Волна убийств и экспроприаций, что захлестнула страну в 1905-м, была сломлена. Железной рукой премьера Столыпина, виселицами «столыпинских галстуков» и бдительностью Охранного отделения. Эсеры-максималисты, еще недавно диктовавшие волю улицы, были переловлены, их боевые дружины разгромлены. Террор отступил, и на смену тревожному гулу выстрелов пришел иной гул – гул стройки и станков.

Империя не просто встала с колен – она ринулась вскачь, и грохот ее бега был слышен на всех биржах мира. Это было возрождение, подкрепленное не одним лишь патриотическим порывом, но и сухими, железными цифрами отчётов Министерства финансов. За последние пять лет страна вышла на первое место в мире по темпам роста. Промышленное производство взлетело на 50%, а выплавка чугуна – на 64%. От Балтики до Тихого океана гудели новые заводы, а от черноземных степей, давших рекордные 90 миллионов тонн хлеба, к портам тянулись бесконечные вереницы вагонов.
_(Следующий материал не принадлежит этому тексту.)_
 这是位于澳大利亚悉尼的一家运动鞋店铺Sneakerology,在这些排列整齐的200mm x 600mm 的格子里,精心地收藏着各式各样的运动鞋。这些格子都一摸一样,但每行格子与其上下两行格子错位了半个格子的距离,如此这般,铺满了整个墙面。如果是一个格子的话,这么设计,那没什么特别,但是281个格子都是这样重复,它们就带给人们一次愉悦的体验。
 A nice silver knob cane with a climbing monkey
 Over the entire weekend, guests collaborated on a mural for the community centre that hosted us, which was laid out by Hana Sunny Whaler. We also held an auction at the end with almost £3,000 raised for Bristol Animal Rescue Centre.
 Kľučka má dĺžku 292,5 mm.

Россия по-прежнему кормила Европу, а ее золотой рубль был тверд, как гранит.

Армия, принявшая горькие уроки Маньчжурии, перерождалась. Под руководством военного министра Сухомлинова она выросла до полутора миллионов штыков. На стапелях Балтики уже покачивались стальные исполины – новейшие линкоры-дредноуты типа «Севастополь», ответ Цусиме. А в небе, пока еще робко, гудели пропеллеры 263 аэропланов – зарождающейся военной авиации.
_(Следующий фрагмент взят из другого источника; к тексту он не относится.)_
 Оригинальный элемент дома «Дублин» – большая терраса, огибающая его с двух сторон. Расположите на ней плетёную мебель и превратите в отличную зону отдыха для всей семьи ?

Всего год назад отгремели торжества в честь Трехсотлетия Дома Романовых. Иллюминации, парады, ликующие толпы. Казалось, сама история поставила точку в смуте: порядок восстановлен, династия незыблема, империя – вечна. Даже для простого человека этот рост был осязаем: реальные доходы за эти годы выросли на четверть, по всей стране строились школы, а грамотность призывников поднялась до 68%. Жизнь налаживалась.

Но за парадным фасадом, в тиши кабинетов, царило напряженное ожидание. В Охранном отделении по-прежнему перебирали донесения филёров, следивших за уцелевшими подпольщиками. А в здании Генерального штаба офицеры Разведочного управления с тревогой вчитывались в шифровки от заграничных агентов. Из Берлина доносили о воинственных речах кайзера и ускоренном строительстве флота. Из Вены – о нарастающих антисербских настроениях при дворе. Из Стамбула – о германском влиянии на Босфоре. Каждая такая депеша ложилась в папку с грифом «Совершенно секретно», рисуя тревожную картину неизбежного столкновения. Разведка докладывала: Европа как пороховая бочка, и искра уже тлеет где-то на Балканах.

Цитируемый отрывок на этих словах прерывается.